Muzzling democracy for years
Sheikh Hasina usually picks the leaders of BCL herself. There is a pattern that shows her choices as top leadership are strongman on university campuses. Al Nahian Khan Joy, her current pick for BCL president, basked in glory when he confessed to beating four “Shibir supporters” back in 2014. In a widely reported interview, he bragged to journalists that “Rakib was first arrested on the suspicion of being a Shibir supporter. We contacted others through his mobile phone. We have got confirmation of his association with Shibir through checking his local people.”
In reality, Sheikh Hasina’s party established a clear link between torture cells and party promotion. Abrar’s murderers only followed that path.
It is evident that had Abrar not died in the custody of BCL cadres, he would have been handed over to the police after the grisly torture session. His handover as a “Shibir cadre” would also have been fully endorsed by the university administration. It is his unexpected death that brought an unwelcome focus on a system where the Awami League cadres, the university administration, and the police all come together to create a Nazi-like methodology of checking the phones of students for unwanted Facebook posts and likes to verify if someone is a Shibir supporter, and if people are “found guilty” of liking pages not approved by the government, they are brutally tortured and later handed over to police as Shibir supporters.
The police then take over the next phase of torture and systematic dehumanization. Ashikul Islam Bitu, the assistant secretary of the BUET Chhatra League, was not coy when he claimed immediately after Abrar’s death: “We found his involvement in Shibir politics as he liked many Shibir-run pages.”

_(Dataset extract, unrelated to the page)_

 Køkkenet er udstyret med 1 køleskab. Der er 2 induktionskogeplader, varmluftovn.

Let us be honest here in stating that it is not only Sheikh Hasina’s regime; instead, there exists a large establishment of secular ideologues who have taken part in the dehumanization campaign led by the ruling party’s cultural establishment for a very long time.
The silent majority
Left-wing liberal politicians, progressives, freedom-of-speech defenders, atheist bloggers, artists, poets, women’s rights activists – all the moral guardians of the country for long have either advocated or kept a blind eye to the government’s de-humanization campaign that is epitomized by the ever-popular rhythmic slogan, “Ektra duita shibir dhor, dhoira dhoira jobai kor,” meaning “Capture one or two Shibir cadres, and slit their throats and kill them.”
Taslima Nasrin, a celebrated writer and women’s rights activist currently in exile in India, wrote a Facebook post after the murder: “Abrar could be meritorious, but he used to offer five times prayers a day. Being meritorious is the sign quality, but for a 21 years old boy, offering five times prayers a day cannot be considered as a quality, that should be considered as an offense.

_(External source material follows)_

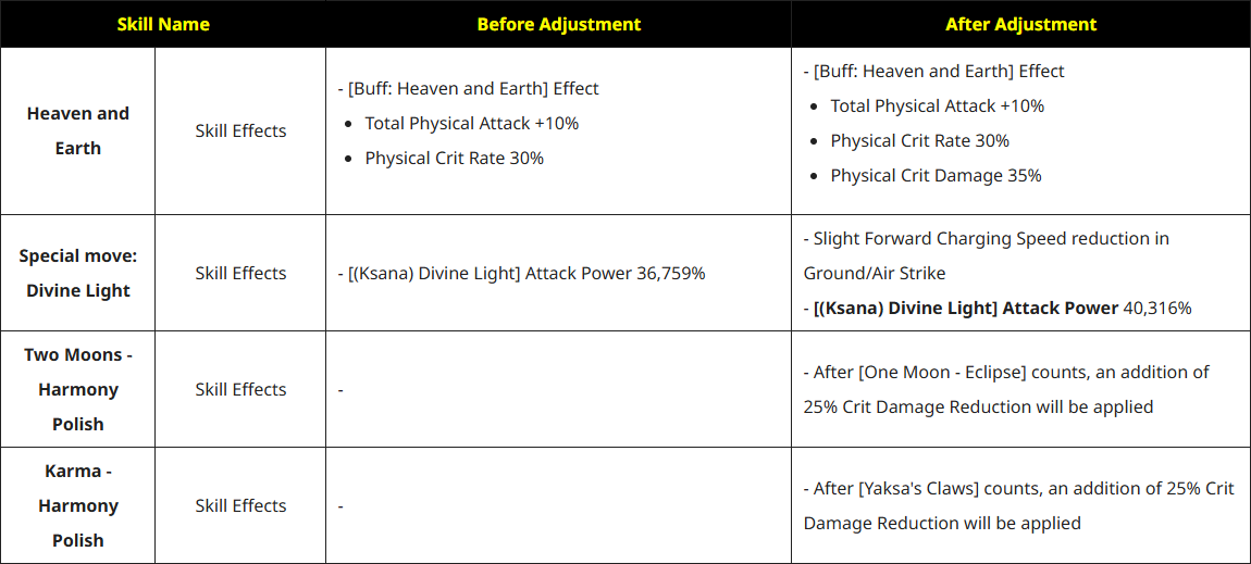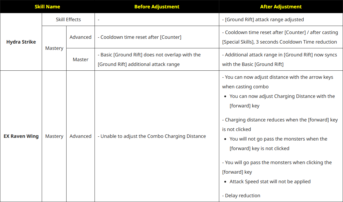 ▶ Fixed an issue where Luna character’s [EX Raven Wing] did not properly apply attack power when Mastery-Master was unlocked.

“Even if Abrar was not a Shibir follower, he thought like a Shibir. Even if he was a Shibir, he has the right to live. Those who beat him, I believe, they didn’t intend to kill him. He just died after getting injured in the head.”
A reader must check the underlying link of Taslima’s Facebook post to be sure that this author is not writing an Orwellian fiction. This is the word of an internationally awarded women’s rights activist quoted verbatim. She is considered the epitome of progressive values in Bangladesh, fighting dark forces.
It is an excellent question to ask as to why there is an elite consensus in the secular establishment of Bangladesh to dehumanize supporters of Islami Shibir and how legitimate victimhood of a genocide four decades back has been converted into a potent tool of torture and oppression to subjugate a population against their will by a very brutal regime.
This knowledge is central to understanding Bangladesh’s conversion from a representative developmental state to a one-party client-list state to a full-blown fascist regime.Quamr Ahmed is a senior journalist based in Bangladesh.